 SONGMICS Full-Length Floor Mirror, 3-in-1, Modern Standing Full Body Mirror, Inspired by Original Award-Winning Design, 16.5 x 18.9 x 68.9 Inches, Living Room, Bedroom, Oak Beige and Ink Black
...
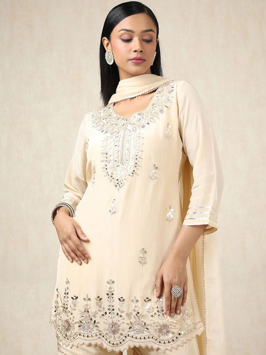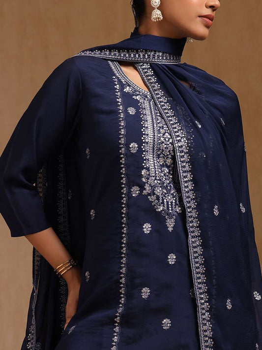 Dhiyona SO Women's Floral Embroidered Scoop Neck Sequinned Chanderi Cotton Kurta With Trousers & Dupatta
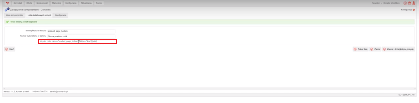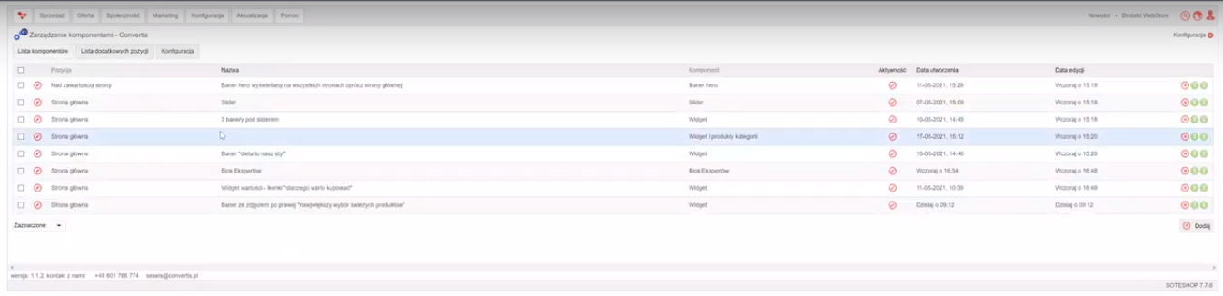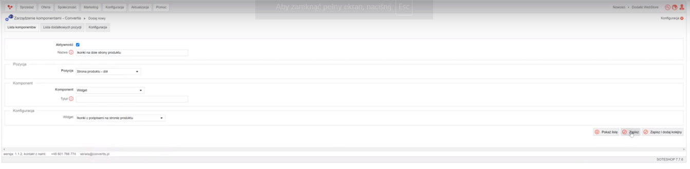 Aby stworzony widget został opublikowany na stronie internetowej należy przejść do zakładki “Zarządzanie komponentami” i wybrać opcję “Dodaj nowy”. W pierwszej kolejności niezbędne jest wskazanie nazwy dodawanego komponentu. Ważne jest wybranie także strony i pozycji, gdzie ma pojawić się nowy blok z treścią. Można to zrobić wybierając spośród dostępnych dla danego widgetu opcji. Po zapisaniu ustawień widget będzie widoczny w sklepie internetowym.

WORK ITEM -> Copy nothing but the lines above that run from the one with "Dhiyona SO Women's" to the one with "Aby stworzony widget", ends included; pictures stay out.

ANSWER BOX ->
 Dhiyona SO Women's Floral Embroidered Scoop Neck Sequinned Chanderi Cotton Kurta With Trousers & Dupatta
 Aby stworzony widget został opublikowany na stronie internetowej należy przejść do zakładki “Zarządzanie komponentami” i wybrać opcję “Dodaj nowy”. W pierwszej kolejności niezbędne jest wskazanie nazwy dodawanego komponentu. Ważne jest wybranie także strony i pozycji, gdzie ma pojawić się nowy blok z treścią. Można to zrobić wybierając spośród dostępnych dla danego widgetu opcji. Po zapisaniu ustawień widget będzie widoczny w sklepie internetowym.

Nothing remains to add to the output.